§ **MATERIAL PROVIDED**
"""
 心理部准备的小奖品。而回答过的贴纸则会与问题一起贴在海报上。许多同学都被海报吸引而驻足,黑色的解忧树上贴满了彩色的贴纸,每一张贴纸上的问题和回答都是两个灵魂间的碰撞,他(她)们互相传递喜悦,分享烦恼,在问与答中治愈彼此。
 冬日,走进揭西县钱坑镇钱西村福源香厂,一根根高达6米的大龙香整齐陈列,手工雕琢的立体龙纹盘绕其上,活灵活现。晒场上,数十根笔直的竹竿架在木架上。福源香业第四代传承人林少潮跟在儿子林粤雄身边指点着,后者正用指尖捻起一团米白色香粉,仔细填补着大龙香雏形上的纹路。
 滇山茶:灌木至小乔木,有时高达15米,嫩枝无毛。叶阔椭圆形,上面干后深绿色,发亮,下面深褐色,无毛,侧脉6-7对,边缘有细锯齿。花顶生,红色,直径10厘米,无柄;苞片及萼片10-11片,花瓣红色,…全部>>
"""
"""
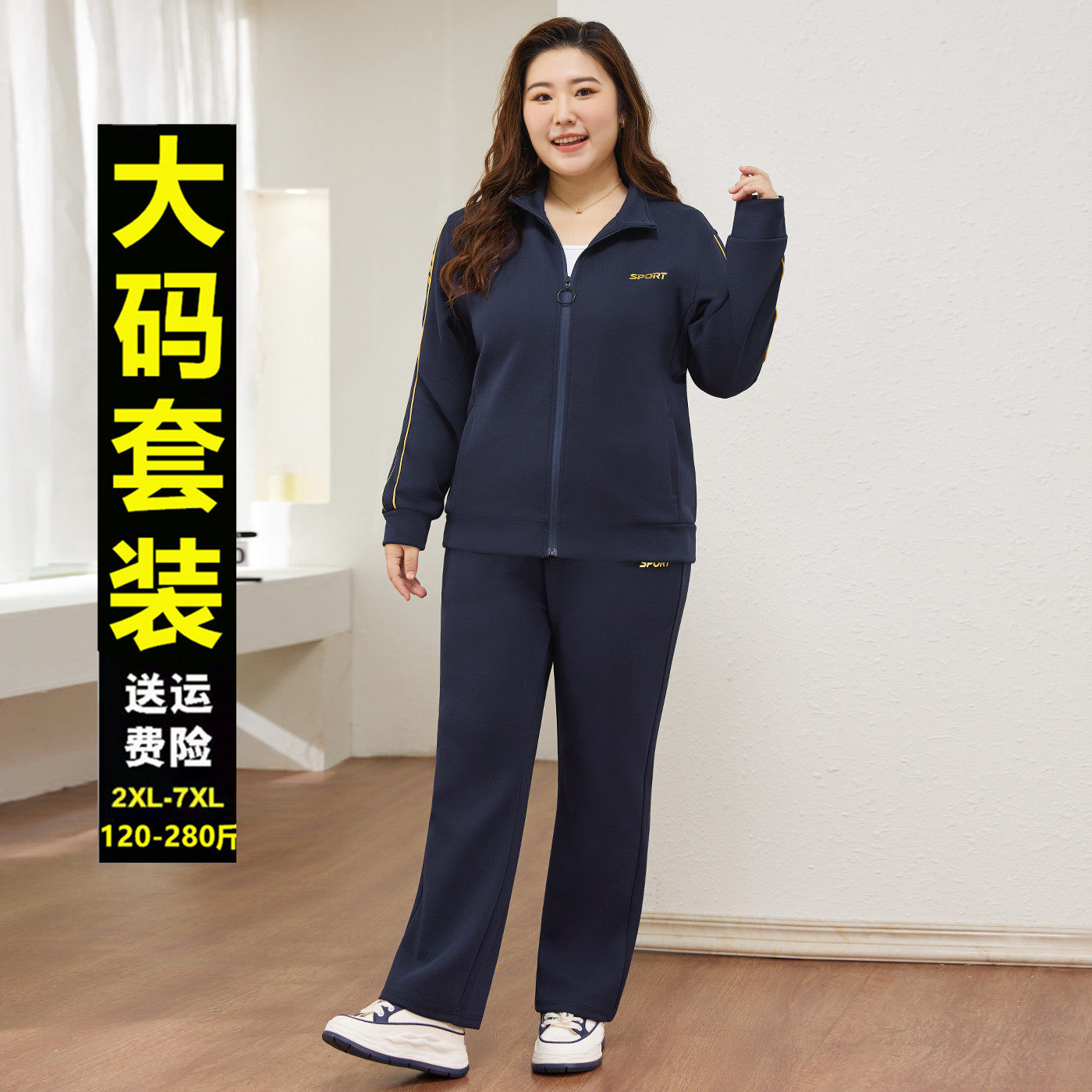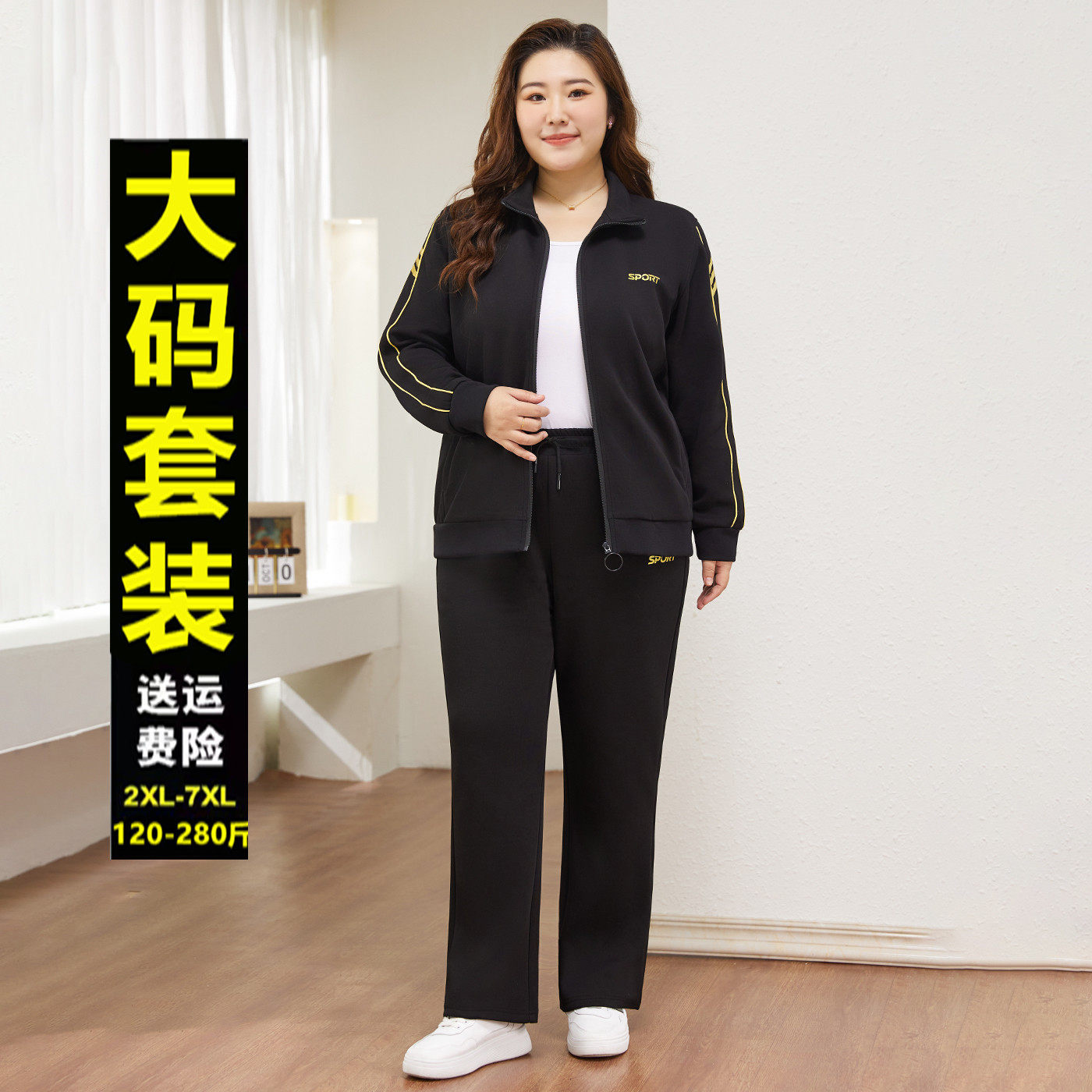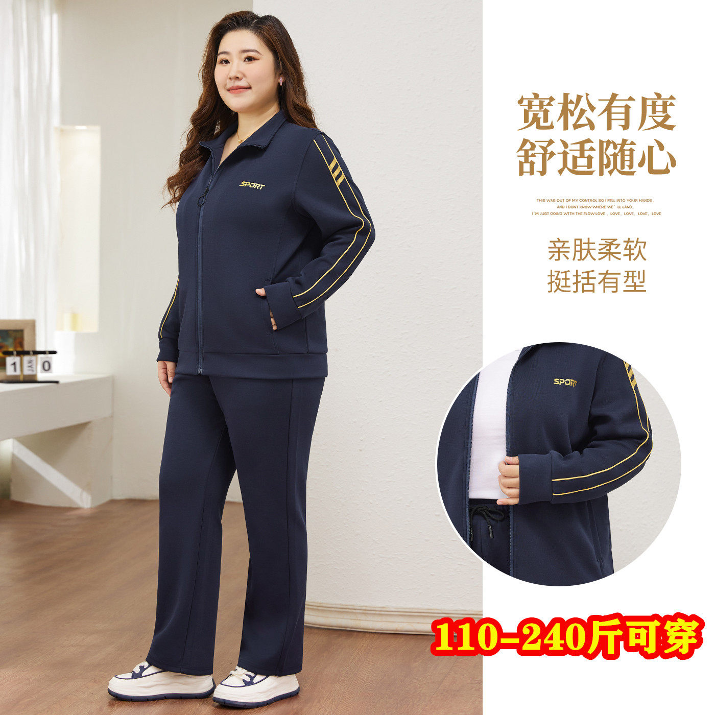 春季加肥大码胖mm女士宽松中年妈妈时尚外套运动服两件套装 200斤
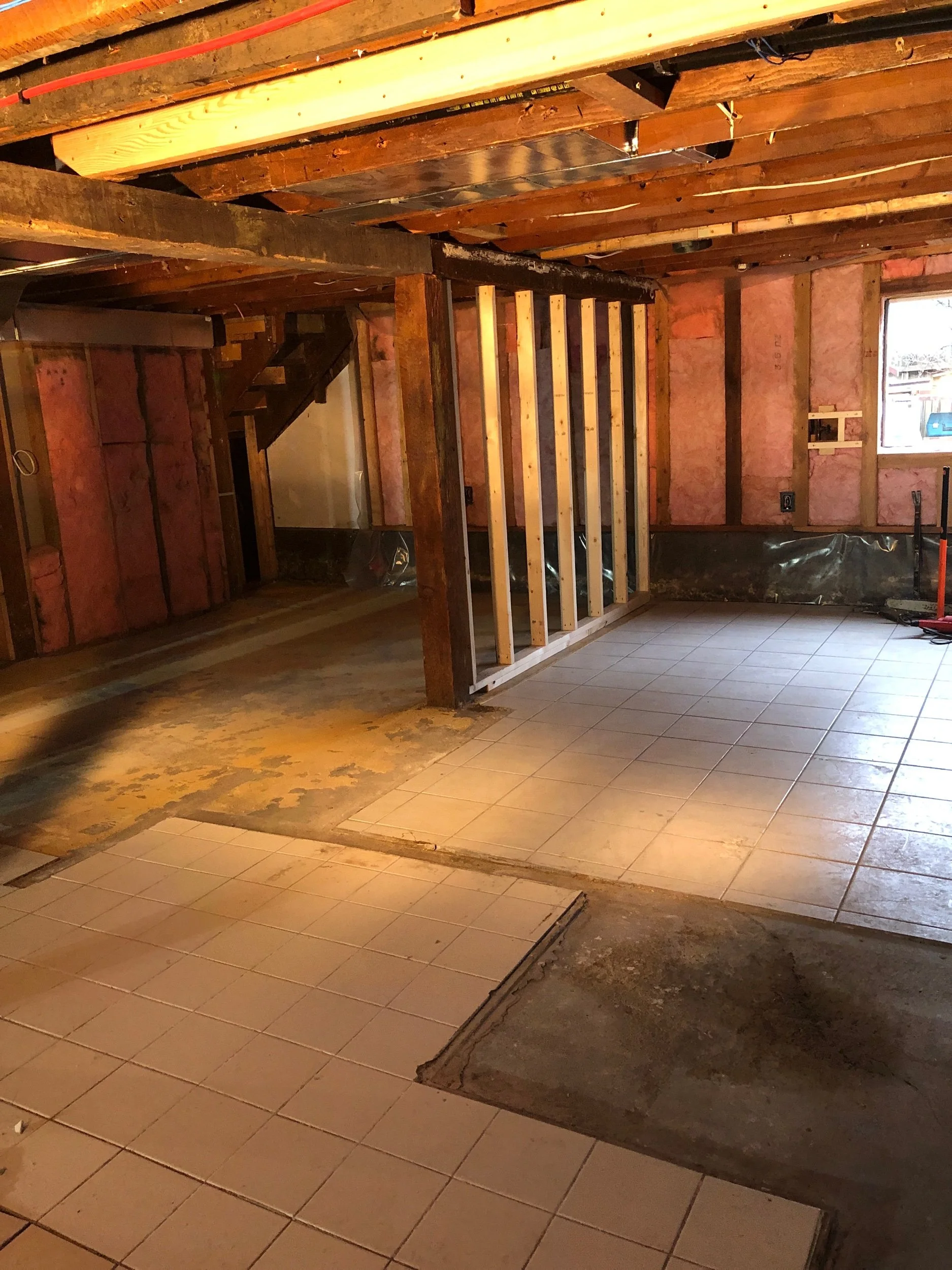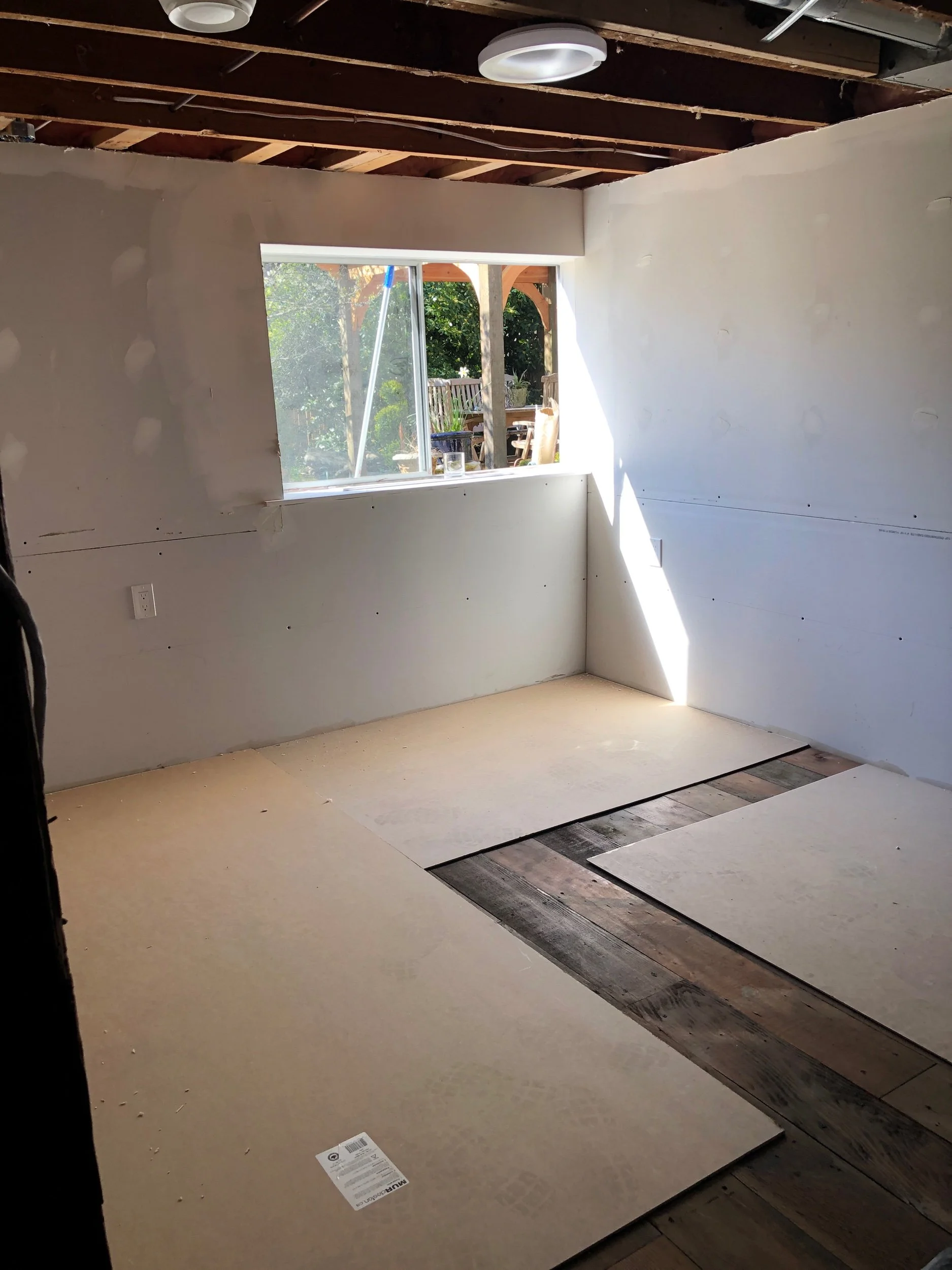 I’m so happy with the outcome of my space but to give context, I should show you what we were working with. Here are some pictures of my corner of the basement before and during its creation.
"""
§ **TASK**
Which lines above run from the one containing "心理部准备的小奖品。而回答过" to the one containing "滇山茶:灌木至小乔木,有时高"? Give them again exactly, both ends included.

§ **OUTPUT**
 心理部准备的小奖品。而回答过的贴纸则会与问题一起贴在海报上。许多同学都被海报吸引而驻足,黑色的解忧树上贴满了彩色的贴纸,每一张贴纸上的问题和回答都是两个灵魂间的碰撞,他(她)们互相传递喜悦,分享烦恼,在问与答中治愈彼此。
 冬日,走进揭西县钱坑镇钱西村福源香厂,一根根高达6米的大龙香整齐陈列,手工雕琢的立体龙纹盘绕其上,活灵活现。晒场上,数十根笔直的竹竿架在木架上。福源香业第四代传承人林少潮跟在儿子林粤雄身边指点着,后者正用指尖捻起一团米白色香粉,仔细填补着大龙香雏形上的纹路。
 滇山茶:灌木至小乔木,有时高达15米,嫩枝无毛。叶阔椭圆形,上面干后深绿色,发亮,下面深褐色,无毛,侧脉6-7对,边缘有细锯齿。花顶生,红色,直径10厘米,无柄;苞片及萼片10-11片,花瓣红色,…全部>>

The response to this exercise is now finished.